■ GOAL OF THE EXERCISE:
Repeat the records verbatim and leave the pictures out of your copy.
++++++++
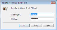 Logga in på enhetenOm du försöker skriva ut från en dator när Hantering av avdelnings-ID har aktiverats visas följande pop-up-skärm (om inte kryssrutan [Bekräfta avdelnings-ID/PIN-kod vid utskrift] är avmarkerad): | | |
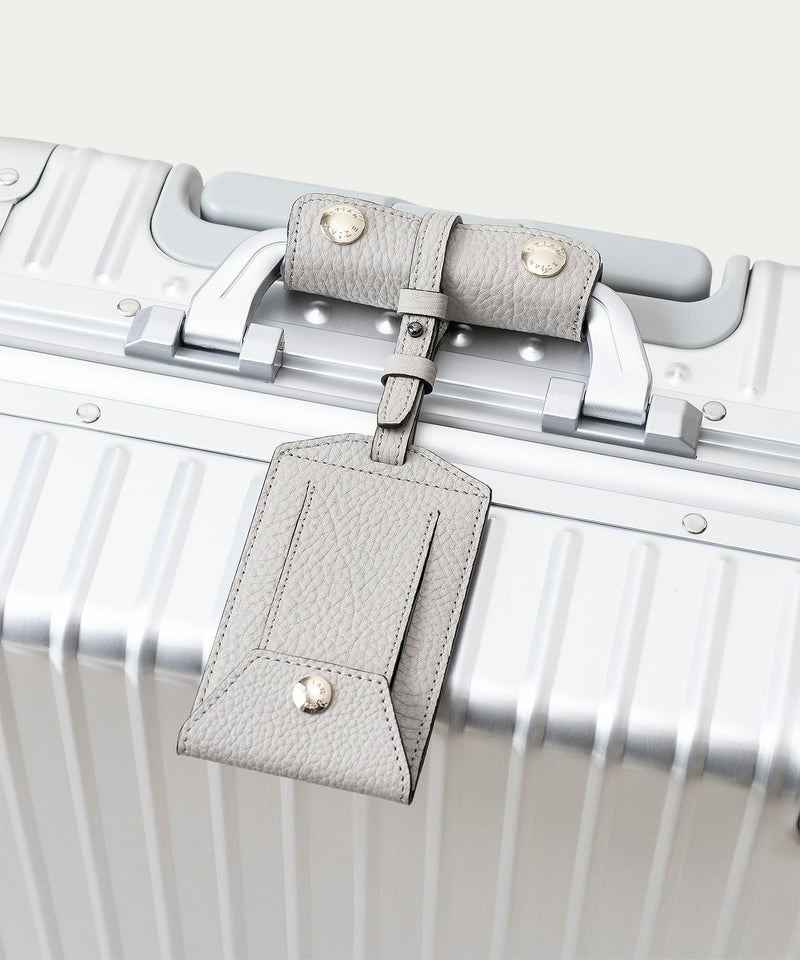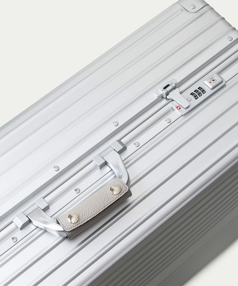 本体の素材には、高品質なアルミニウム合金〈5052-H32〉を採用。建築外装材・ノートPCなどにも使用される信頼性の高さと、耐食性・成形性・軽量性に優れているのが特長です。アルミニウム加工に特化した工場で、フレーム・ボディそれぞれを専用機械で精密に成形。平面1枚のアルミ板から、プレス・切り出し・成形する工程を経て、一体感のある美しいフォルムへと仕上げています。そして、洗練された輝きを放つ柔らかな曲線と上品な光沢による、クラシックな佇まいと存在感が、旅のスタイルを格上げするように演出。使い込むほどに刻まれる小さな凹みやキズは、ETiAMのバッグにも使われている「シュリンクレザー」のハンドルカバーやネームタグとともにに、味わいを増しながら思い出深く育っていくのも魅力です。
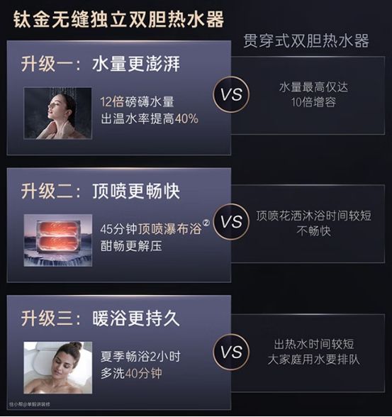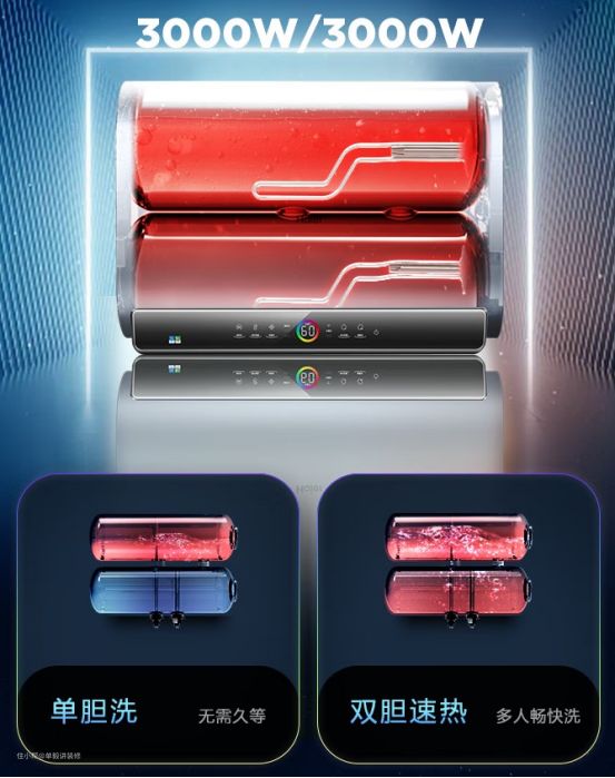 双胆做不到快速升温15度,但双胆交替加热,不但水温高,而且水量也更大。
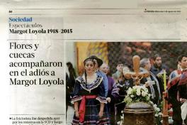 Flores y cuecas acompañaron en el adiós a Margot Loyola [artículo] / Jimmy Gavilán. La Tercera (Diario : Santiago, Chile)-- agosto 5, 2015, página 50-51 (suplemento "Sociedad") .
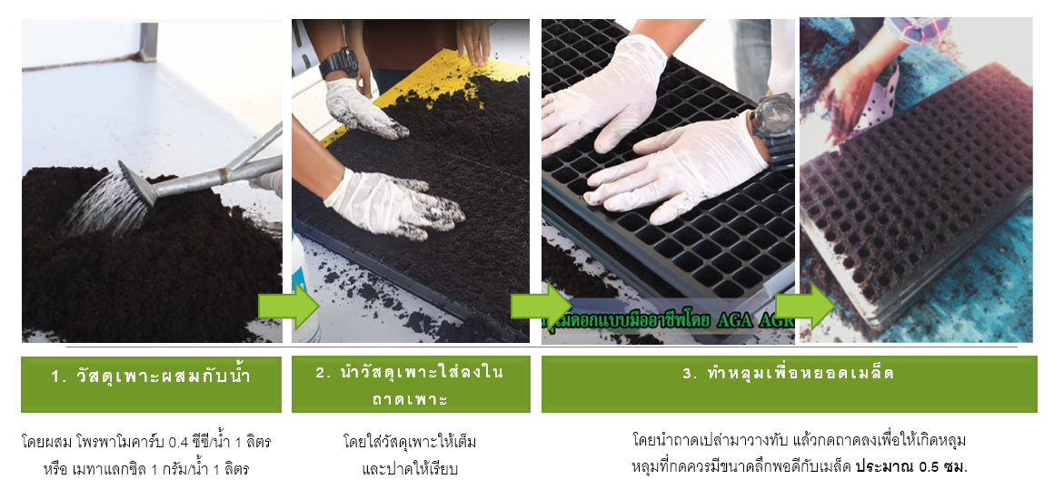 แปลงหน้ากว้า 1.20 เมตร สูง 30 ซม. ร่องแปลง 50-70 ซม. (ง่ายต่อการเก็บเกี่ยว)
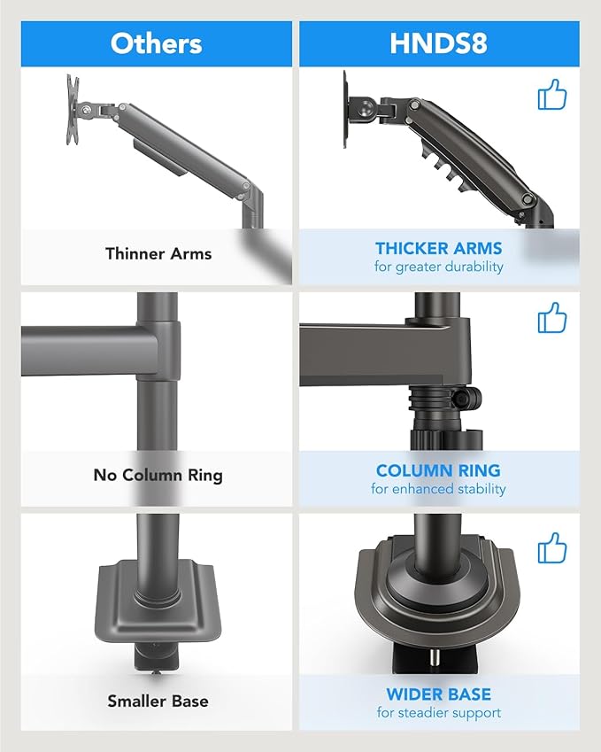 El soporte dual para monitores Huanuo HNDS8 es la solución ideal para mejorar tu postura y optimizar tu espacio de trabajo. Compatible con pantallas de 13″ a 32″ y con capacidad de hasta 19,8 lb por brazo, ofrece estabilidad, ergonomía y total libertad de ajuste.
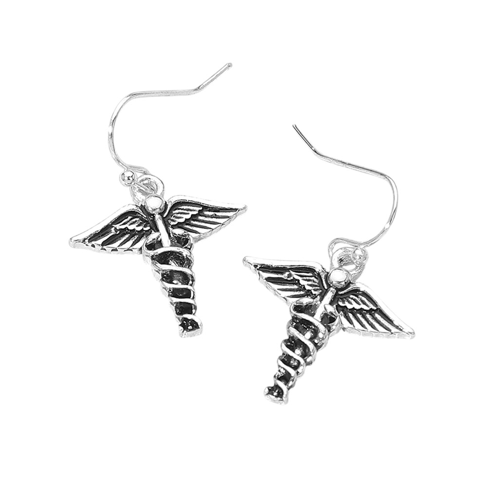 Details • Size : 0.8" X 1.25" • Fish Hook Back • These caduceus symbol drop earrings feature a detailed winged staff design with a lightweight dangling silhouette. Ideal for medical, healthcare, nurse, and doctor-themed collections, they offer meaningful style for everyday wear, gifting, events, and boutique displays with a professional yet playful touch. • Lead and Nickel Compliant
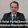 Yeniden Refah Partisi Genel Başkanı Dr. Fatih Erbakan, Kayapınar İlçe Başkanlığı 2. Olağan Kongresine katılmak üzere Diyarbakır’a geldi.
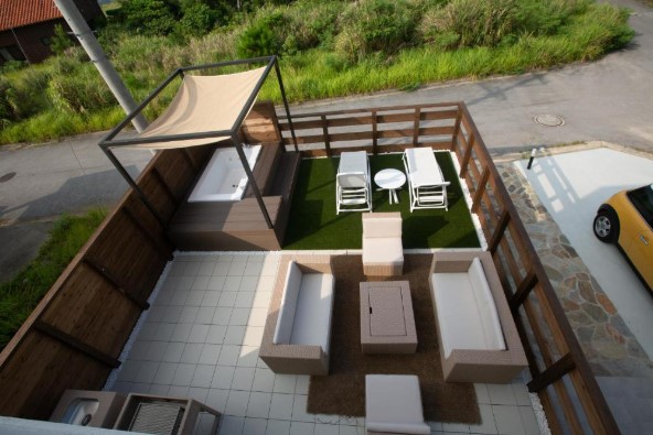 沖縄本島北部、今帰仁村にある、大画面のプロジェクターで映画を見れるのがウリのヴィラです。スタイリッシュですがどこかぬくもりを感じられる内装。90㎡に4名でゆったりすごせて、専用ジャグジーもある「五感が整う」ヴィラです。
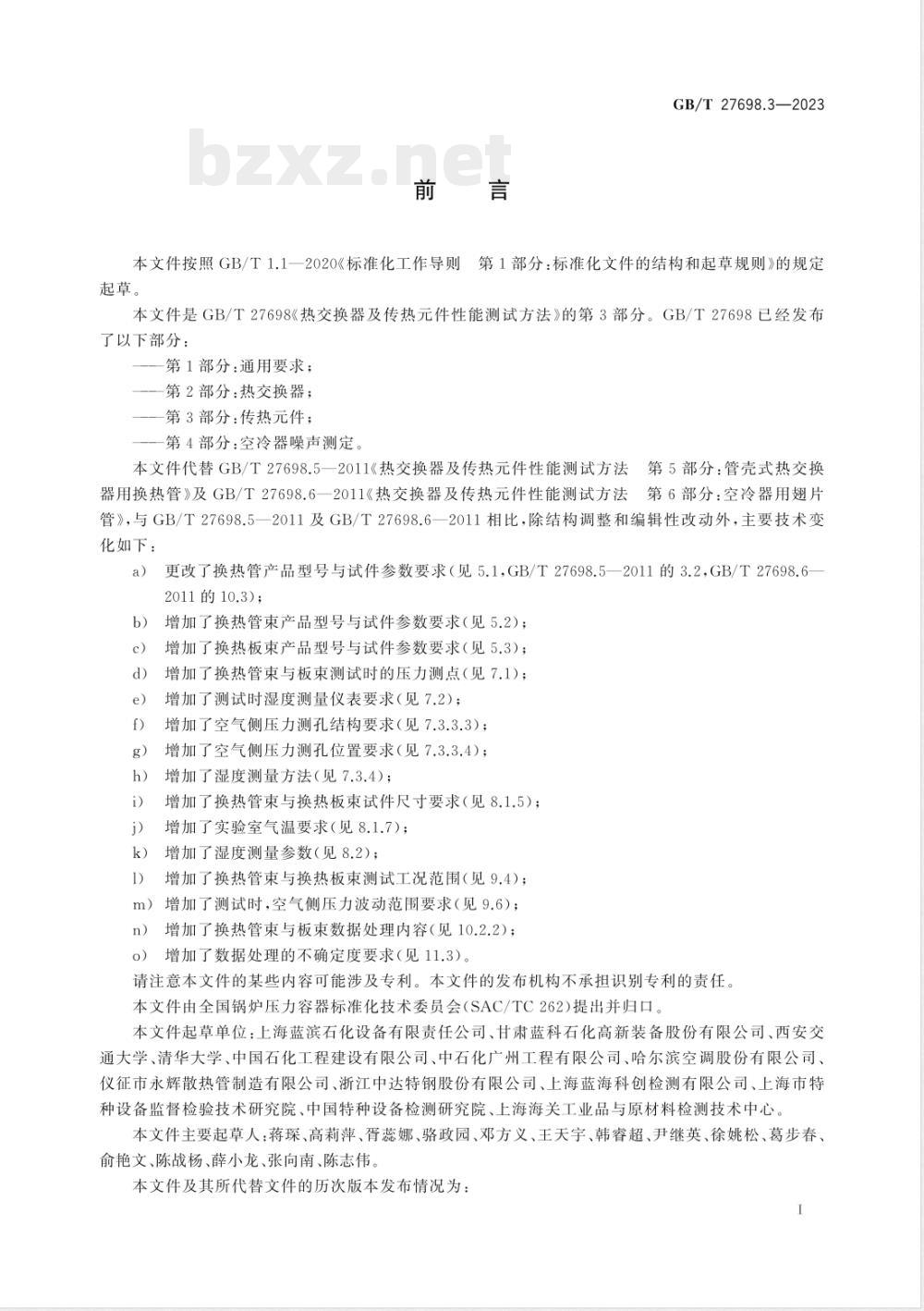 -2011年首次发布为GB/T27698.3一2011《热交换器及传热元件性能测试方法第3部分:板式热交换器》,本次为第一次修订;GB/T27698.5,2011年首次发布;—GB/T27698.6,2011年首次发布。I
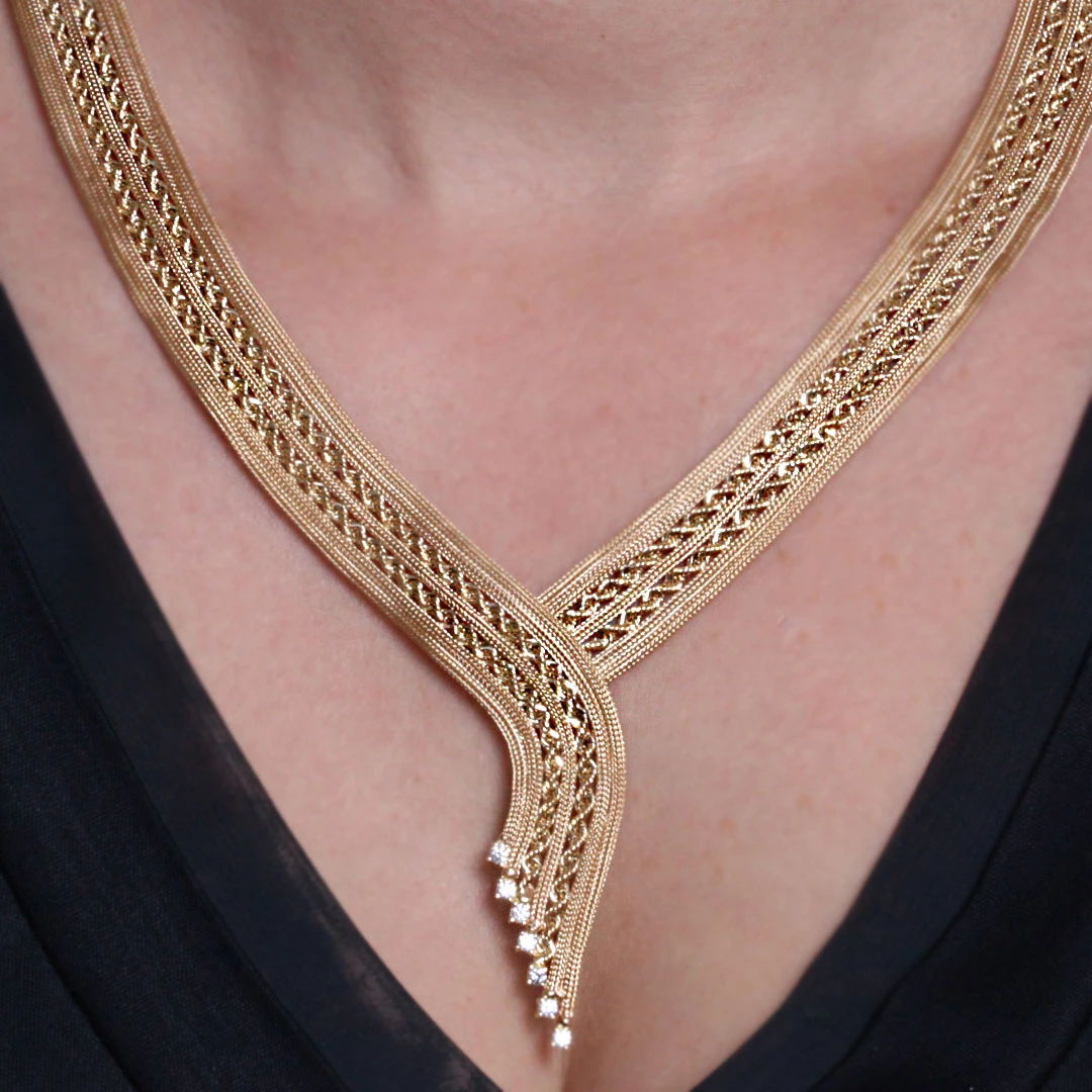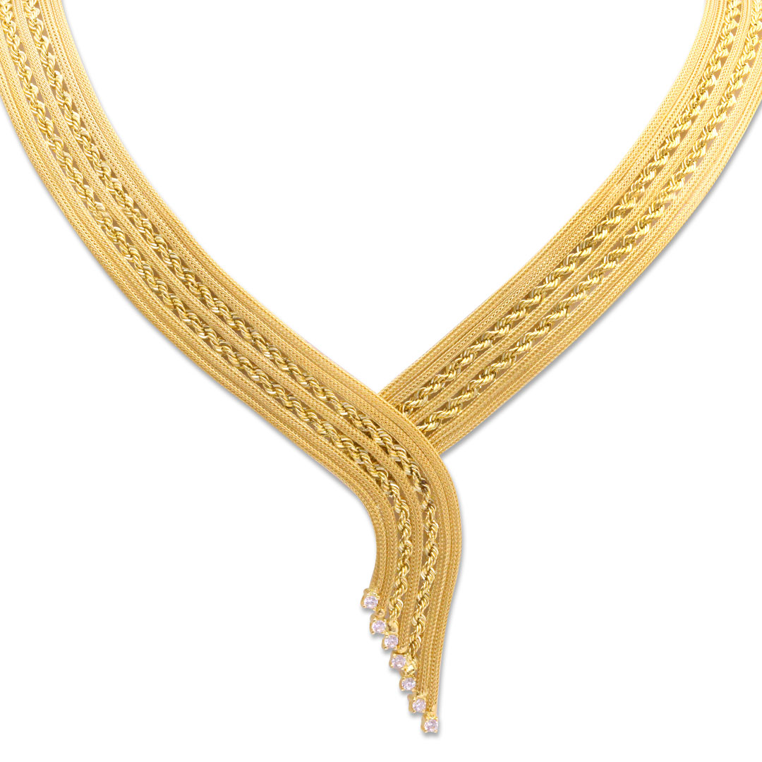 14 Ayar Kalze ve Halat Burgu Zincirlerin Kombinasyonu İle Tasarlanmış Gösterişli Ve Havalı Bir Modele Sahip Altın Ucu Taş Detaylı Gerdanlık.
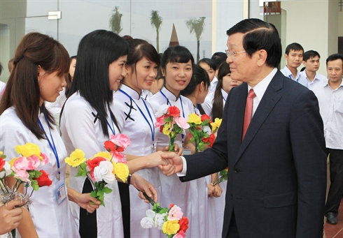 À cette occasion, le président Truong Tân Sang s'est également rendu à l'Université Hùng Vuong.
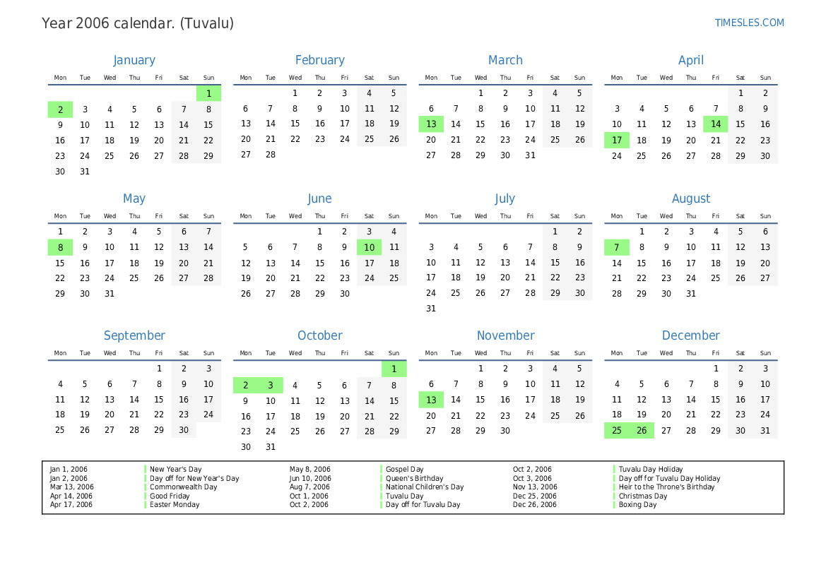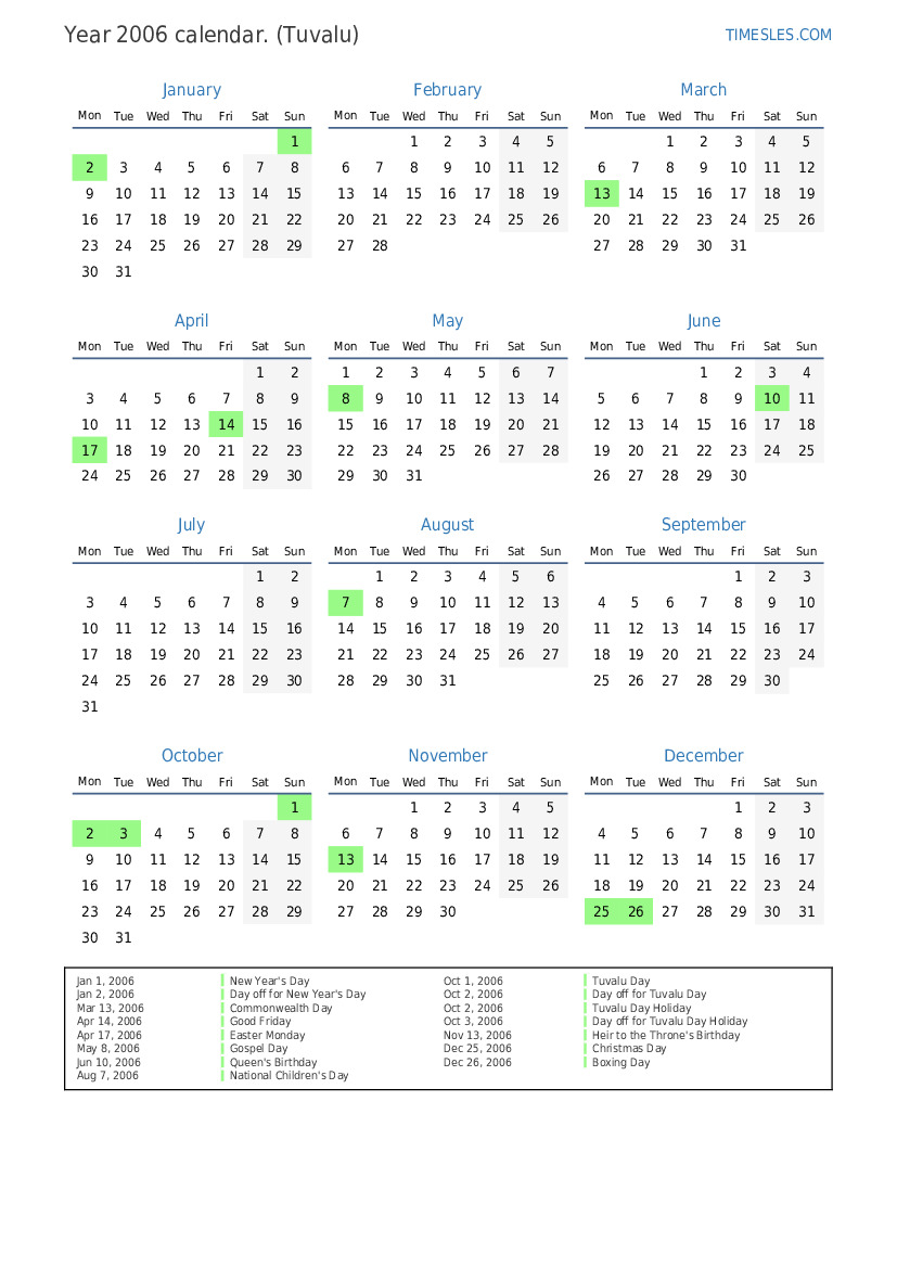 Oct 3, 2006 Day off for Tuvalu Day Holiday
++++++++
■ ANSWER FOR THE TASK:
 Logga in på enhetenOm du försöker skriva ut från en dator när Hantering av avdelnings-ID har aktiverats visas följande pop-up-skärm (om inte kryssrutan [Bekräfta avdelnings-ID/PIN-kod vid utskrift] är avmarkerad): | | |
 本体の素材には、高品質なアルミニウム合金〈5052-H32〉を採用。建築外装材・ノートPCなどにも使用される信頼性の高さと、耐食性・成形性・軽量性に優れているのが特長です。アルミニウム加工に特化した工場で、フレーム・ボディそれぞれを専用機械で精密に成形。平面1枚のアルミ板から、プレス・切り出し・成形する工程を経て、一体感のある美しいフォルムへと仕上げています。そして、洗練された輝きを放つ柔らかな曲線と上品な光沢による、クラシックな佇まいと存在感が、旅のスタイルを格上げするように演出。使い込むほどに刻まれる小さな凹みやキズは、ETiAMのバッグにも使われている「シュリンクレザー」のハンドルカバーやネームタグとともにに、味わいを増しながら思い出深く育っていくのも魅力です。
 双胆做不到快速升温15度,但双胆交替加热,不但水温高,而且水量也更大。
 Flores y cuecas acompañaron en el adiós a Margot Loyola [artículo] / Jimmy Gavilán. La Tercera (Diario : Santiago, Chile)-- agosto 5, 2015, página 50-51 (suplemento "Sociedad") .
 แปลงหน้ากว้า 1.20 เมตร สูง 30 ซม. ร่องแปลง 50-70 ซม. (ง่ายต่อการเก็บเกี่ยว)
 El soporte dual para monitores Huanuo HNDS8 es la solución ideal para mejorar tu postura y optimizar tu espacio de trabajo. Compatible con pantallas de 13″ a 32″ y con capacidad de hasta 19,8 lb por brazo, ofrece estabilidad, ergonomía y total libertad de ajuste.
 Details • Size : 0.8" X 1.25" • Fish Hook Back • These caduceus symbol drop earrings feature a detailed winged staff design with a lightweight dangling silhouette. Ideal for medical, healthcare, nurse, and doctor-themed collections, they offer meaningful style for everyday wear, gifting, events, and boutique displays with a professional yet playful touch. • Lead and Nickel Compliant
 Yeniden Refah Partisi Genel Başkanı Dr. Fatih Erbakan, Kayapınar İlçe Başkanlığı 2. Olağan Kongresine katılmak üzere Diyarbakır’a geldi.
 沖縄本島北部、今帰仁村にある、大画面のプロジェクターで映画を見れるのがウリのヴィラです。スタイリッシュですがどこかぬくもりを感じられる内装。90㎡に4名でゆったりすごせて、専用ジャグジーもある「五感が整う」ヴィラです。
 -2011年首次发布为GB/T27698.3一2011《热交换器及传热元件性能测试方法第3部分:板式热交换器》,本次为第一次修订;GB/T27698.5,2011年首次发布;—GB/T27698.6,2011年首次发布。I
 14 Ayar Kalze ve Halat Burgu Zincirlerin Kombinasyonu İle Tasarlanmış Gösterişli Ve Havalı Bir Modele Sahip Altın Ucu Taş Detaylı Gerdanlık.
 À cette occasion, le président Truong Tân Sang s'est également rendu à l'Université Hùng Vuong.
 Oct 3, 2006 Day off for Tuvalu Day Holiday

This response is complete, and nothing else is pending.